Man muss hier darauf hinweisen dass die Geschäftsführung gerade über die Führungskräfte versucht druck aufzubauen die Leute ins Office zu beordern, trotz abweichender Vereinbarungen. Das hängt wohl mit dem neuen Stuttgarter Büro zusammen. Negativ fällt mir auf dass dies natürlich durch die Bank weg entschieden wird und sich somit mal wieder bestätigt, dass die Standorte außerhalb von Stuttgart so stark unter dem Radar liegen das wir im Kosmos der Geschäftsführung scheinbar nicht existieren.
Keine konkreten Weiterbildungsangebote. "Weiterbildung" erfolgt wenn dann nur auf Eigeninitiative indem man Kollegen zu Rate zieht welche sich in ihrem Bereich besser als man selbst auskennen.
Mit der Einführung eines neuen Personalsystems gibt es nun Zugriff auf LinkedIn Learning. Es wird mittlerweile wenigstens etwas geboten wofür man nicht bei den Vorgesetzten zu Kreuze kriechen muss.
Verglichen mit der Konkurrenz, gerade so Konkurrenzfähig. Keine 30 Tage Urlaub, keine Gleichheit zwischen Standorten. Gehalt, wenn du neu bist hast du eher die Chance deinen Wunsch im Bewerbungsgespräch durchzusetzen. Bewirbst du dich im Osten rechne damit schlechtere Konditionen zu bekommen. Bist du einmal im Konzern darfst du dich freuen dass dein Basisgehalt nun Taktgeber ist und nicht deine Leistung bzw. das Gehalt vergleichbarer Kollegen. Wie schon erwähnt es gibt keine Gehaltsgespräche, diese werden schon allein durch die Organisationsstruktur verhindert. Wechselst du nicht Intern die Stelle, freu dich darauf ein nicht nachvollziehbares Rating zu bekommen, nach welchem du maximal 2% mehr Gehalt bekommst. Das führt dazu das innerhalb des Teams bei dem einen 2% mehr ebend wirklich ok sind, beim anderen aber eine Gehaltsminderung durch die Hintertür darstellt da die aktuelle Inflation seit mehreren Jahren deutlich über 2% liegt.
Achja, aufpassen bei Bewerbungen, euch wird ein Jahresgehalt präsentiert welches echt schick ausschaut jedoch aus einem Basis und einem variablen Anteil besteht.
Kein Gendern, keine überempfindlichen Kollegen, kein Greenwashing. In diesem Bereich Bodenständig "normal" geblieben. Das muss man heutzutage wirklich Positiv hervorheben. - Das war 2023 leider hält langsam das Buzzword Bingo Einzug ins Unternehmen. Die ganzen Internen Mails von "Corporate Communication" welche in 90% der Fälle keinen wirklichen Mehrwert bringen müllen euch euer Postfach zu. Das führt dazu das die eine wichtige Mail von diesem Verteiler dann gerne gelöscht wird. Es gibt Kollegen die haben das Marketing und auch "Corporate Communication" auf der Blockliste.
Für den Standort Leipzig ist ein Auto mehr als von Vorteil, ich würde sogar fast von Pflicht sprechen. Man befindet sich eben nicht in Leipzig sondern in der Kleinstadt "Zwenkau" im Gewerbegebiet. Was per Öffis ziemlich bescheiden zu erreichen ist, es sei denn man möchte mehr als 1H Bahn für eine Strecke fahren. Und da kommt man dann aus Leipzig selbst. Ich als "Dorfi" vom Stadtrand hätte annähernd 2H Anfahrtszeit mit umsteigen.

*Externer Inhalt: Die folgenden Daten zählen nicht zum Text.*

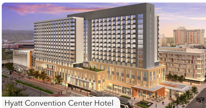
Hyatt Convention Center Hotel
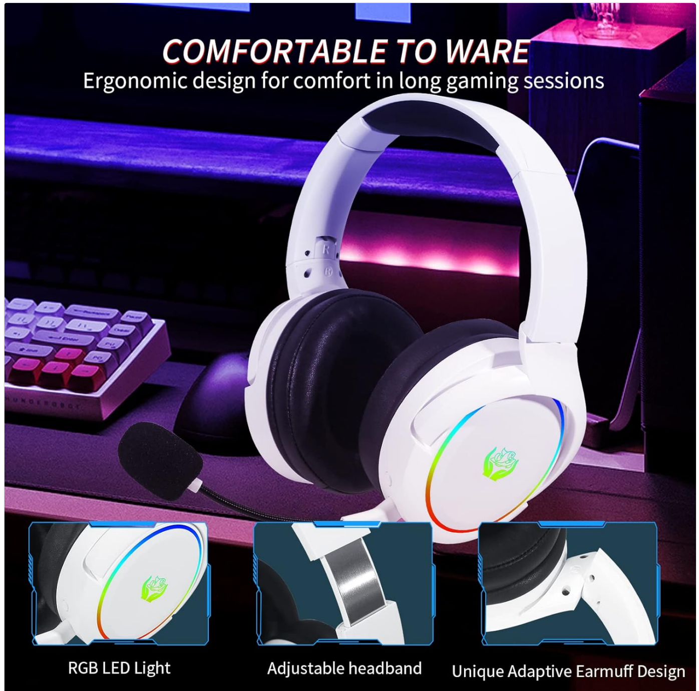
Image 4.2: Close-up view of the headset highlighting the RGB LED light, adjustable headband, and adaptive earmuff design for comfort.

The X-PRO headset is designed for comfort during long gaming sessions. It features an adjustable headband to fit various head sizes and foldable earcups for portability and convenient storage. The earmuffs are made of soft protein leather for breathability and comfort.
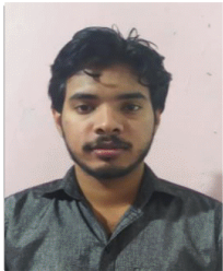
190815L ISURANGA S.P.G.C.
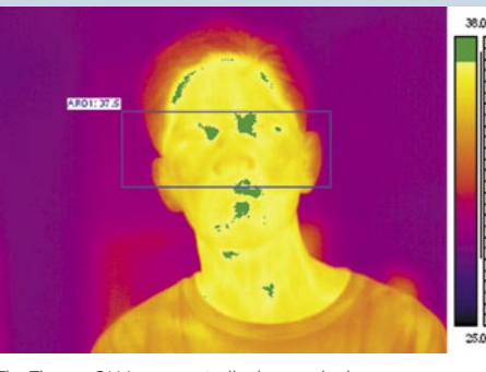
The ThermaCAM automatically detects the hottest temperature within an area, set by the operator. A color alarm makes it easy to decide whether a person needs further examination or not.
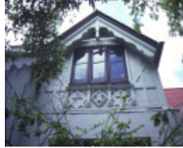
Wattle House Jackson Street St Kilda Detail of Front Window Nov 1985
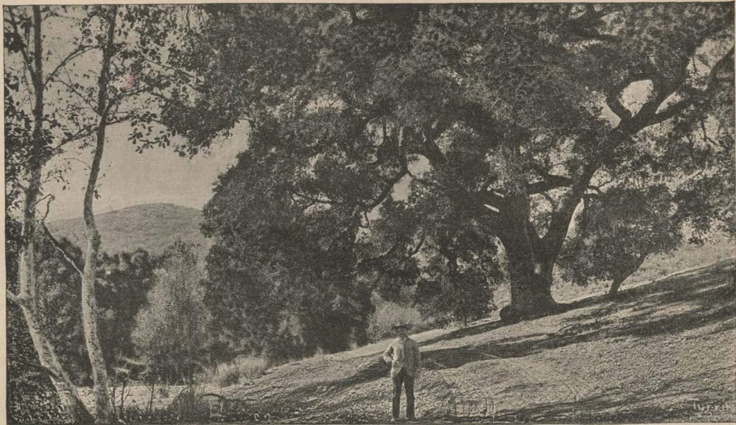
LIVE OAKS, AND VALLEY SLOPE, ON THE PENINSULA.
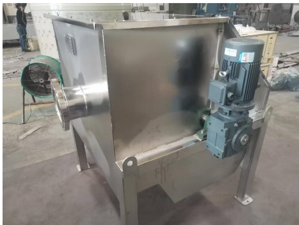
Fig 5 Outside Visual check
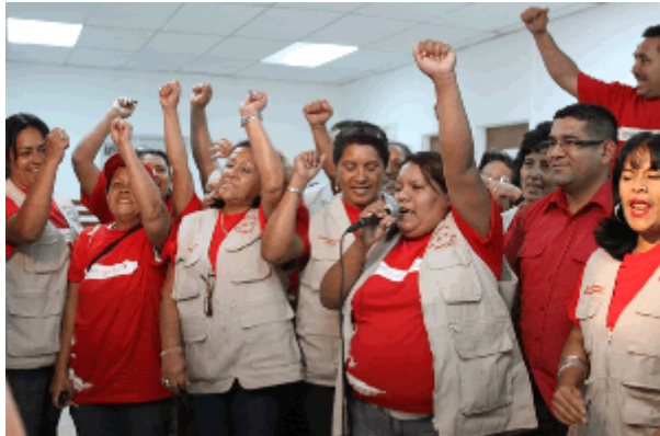
Photograph 10.1 El Banco de la Comuna Socialista

The photograph that accompanies the story is as follows:
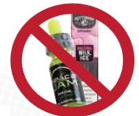
Concept Flavors (e.g., Unicorn Milk Ice, Tropical Mix)
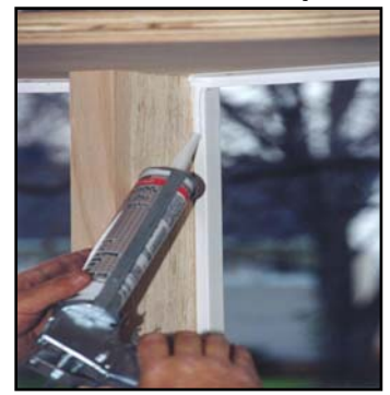
7-a: Back Seal Window Stops
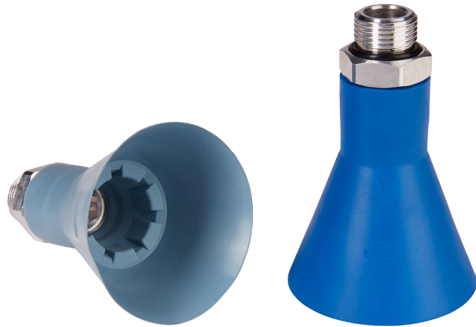
Bin-Picking Suction Cups SVE
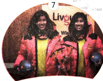
The first Indian twin sisters to scale both the North and South Pole on skis.
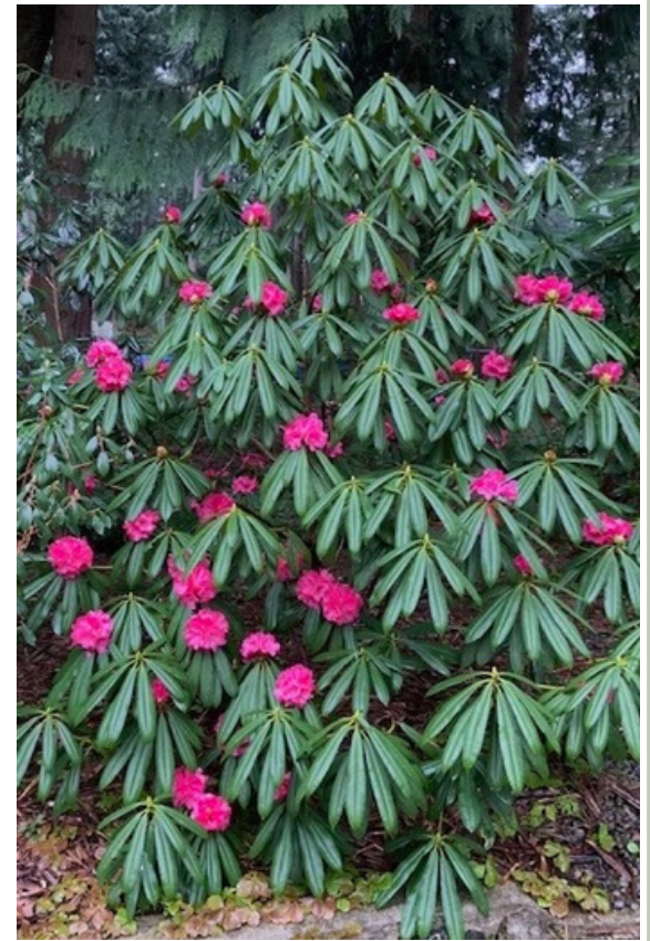
R. 'Len Living' - blooms in March
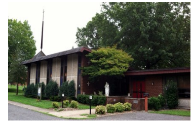
721 Hall Street Bridgeport

Holy Week is the most important week of the entire year for Christians around the world. It begins with Jesus' triumphal entry into Jerusalem on Palm Sunday, in which we see a peculiar power manifested in humility. It continues with Jesus' loving provision for his closest friends, as he gathers them on Maundy Thursday for a sacred meal that would sustain and give life to them in his absence, and he shows them the way of true greatness in service.
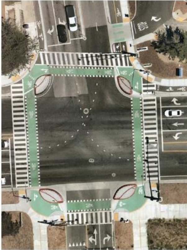
Location: Madonna Road & Dalidio Drive, San Luis Obispo, CA
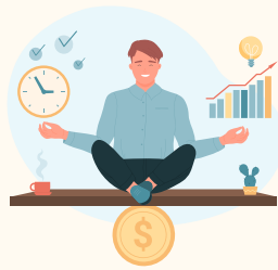
工作與財務管理 Work & Financial Management
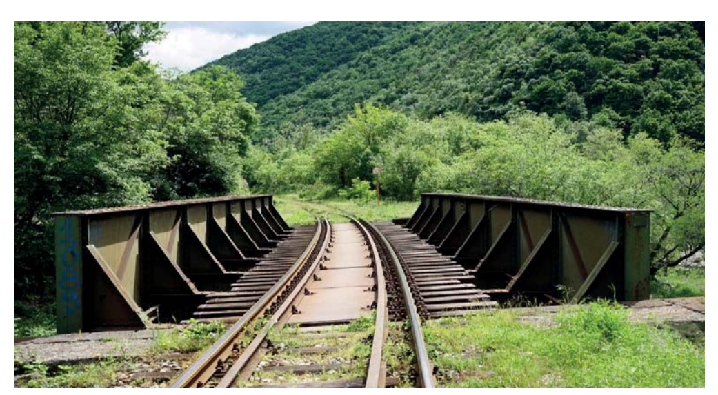
View of Non-electrified Railway Track on Corridor Xc, Serbia.
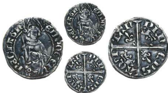
2378 Hardi d'argent, Poitiers, rev. mint-letter between q and i, lis in first angle of cross (Elias 205b). Nearly very fine £120-150
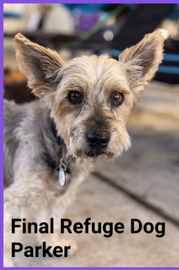
Final Refuge Dog Parker

Innerhalb des Teams und teils Teamübergreifend entstehen echte Freundschaften. Ohne die Kollegen wären schon deutlich mehr gegangen.
Hier am Standort ist viel miteinander. Was ich so aus Stuttgart mitbekomme, da ist es wohl nicht ganz so rosig.
Keine unterschiedliche Behandlung festgestellt.
Der Standort Leipzig ist sehr Jung ich würde mal auf ~35 im Gesamtdurchschnitt schätzen.
Vorgesetzte geben Konstruktives Feedback und Verbesserungsvorschläge. Bei den Teamleitern kann ich nur meinen Bewerten und bin sehr zufrieden.
Das Management gibt eine semi-gute Form ab. Die einen versprechen das eine, machen dann das andere. Mitarbeiter stehen öfter mal Regen und wissen nicht wo die Reise hingeht. Ein paar hohe Tiere im Management sind aber wirklich da und versuchen zu helfen und zu unterstützen. Man merkt die wollen in die richtige Richtung. Diese paar stammen aber ursprünglich aus dem Schneider Konzern. Overall geht es jedoch immer mehr in die Richtung: Die wenigen verbliebenen müssen das Stemmen was früher mal auf mehrere Personen verteilt war. Mitarbeiter zu halten scheinen nur bestimmte Vorgesetzte zu wollen. Dann doch lieber ein neuer für das 3 fache Gehalt der ein halbes Jahr eingearbeitet werden muss.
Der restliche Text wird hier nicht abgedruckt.